I’m not sure I’d sit through “Planet Terror” again to get to them in “Death Proof” though. Of course, in the old days, true grindhouse devotees would wander in and out of the theater all day long. I guess DVD’s serve a similar function in our own time. In any case be sure not to miss the trailer for “Thanksgiving” — not for the squeamish or the humor impaired, and not that you’d necessarily want to see the movie, if it existed. Also, when viewing “Grindhouse” at home skip the commentary track and bring in a few drunks off the street to mutter and snore. It’ll be just like the old days.

“Grindhouse” is rated R (Under 17 requires accompanying parent or adult guardian). Tell your mother you were over at your friend’s house doing homework, and be sure to tell your friends at school about the severed limbs, the exploding heads and the naked you-know-whats.

“Planet Terror” written and directed by Robert Rodriguez; director of photography, Mr. Rodriguez; edited by Mr. Rodriguez and Ethan Maniquis; production designers, Steve Joyner and Caylah Eddleblute; produced by Mr. Rodriguez and Elizabeth Avellan. “Death Proof” produced, written and directed by Quentin Tarantino; director of photography, Mr. Tarantino; edited by Sally Menke; production designers, Mr. Joyner and Ms. Eddleblute. Released by Dimension Films. Running time: 180 minutes.

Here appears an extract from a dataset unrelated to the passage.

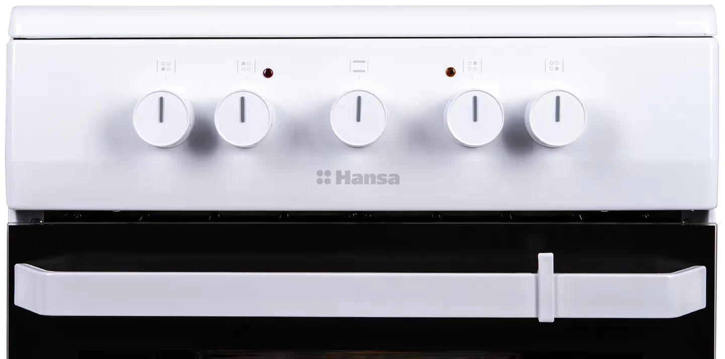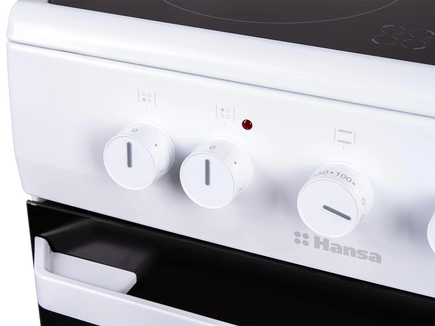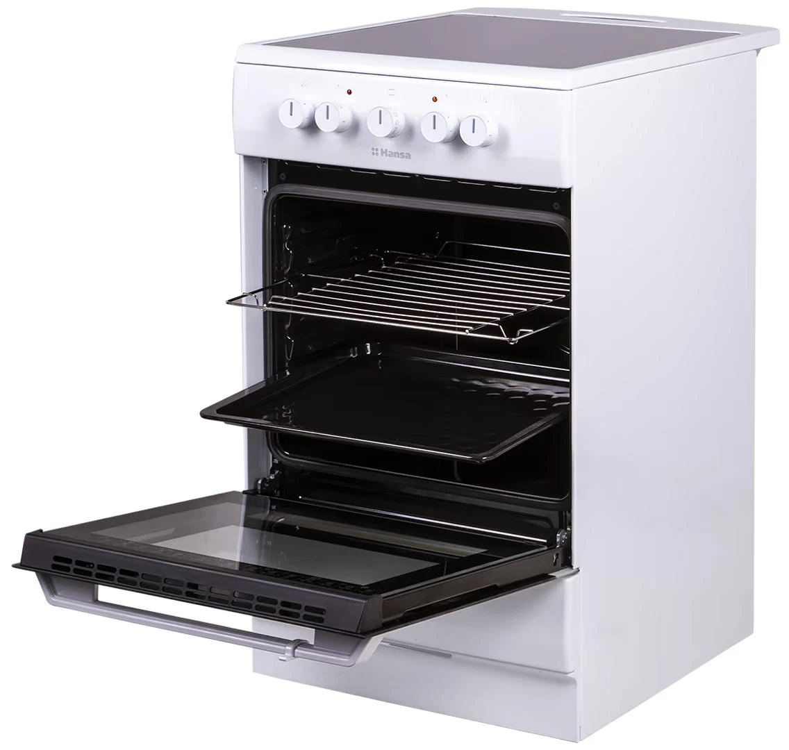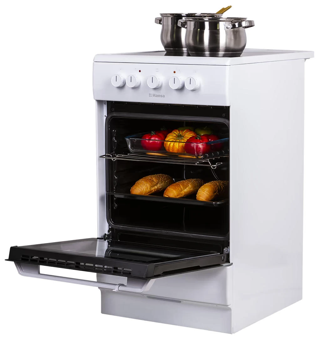 Електрична плита Hansa FCEW53000 з духовкою об’ємом 69 л та трьома функціями приготування. Має емаль легкого очищення, підсвітку, рецепти на дверцятах, металеву кришку та висувний ящик для посуду.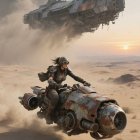 A woman rides a steampunk-inspired motorcycle through a desert landscape, showcasing intricate brass details and a vintage design. She exudes confidence in her stylish, edgy outfit.

“PLANET TERROR” WITH: Rose McGowan (Cherry), Marley Shelton (Dr. Dakota Block), Freddy Rodriguez (Wray), Josh Brolin (Block), Jeff Fahey (JT), Michael Biehn (Sherriff Hague), Naveen Andrews (Abby) and Stacy Ferguson (Tammy).

“DEATH PROOF” WITH: Kurt Russell (Stuntman Mike), Sydney Tamiia Poitier (Jungle Julia), Vanessa Ferlito (Arlene), Jordan Ladd (Shanna), Tracie Thoms (Kim), Rosario Dawson (Abernathy), Zoë Bell (Zoë), Mary Elizabeth Winstead (Lee), Rose McGowan (Pam), Eli Roth (Dov) and Omar Doom (Nate).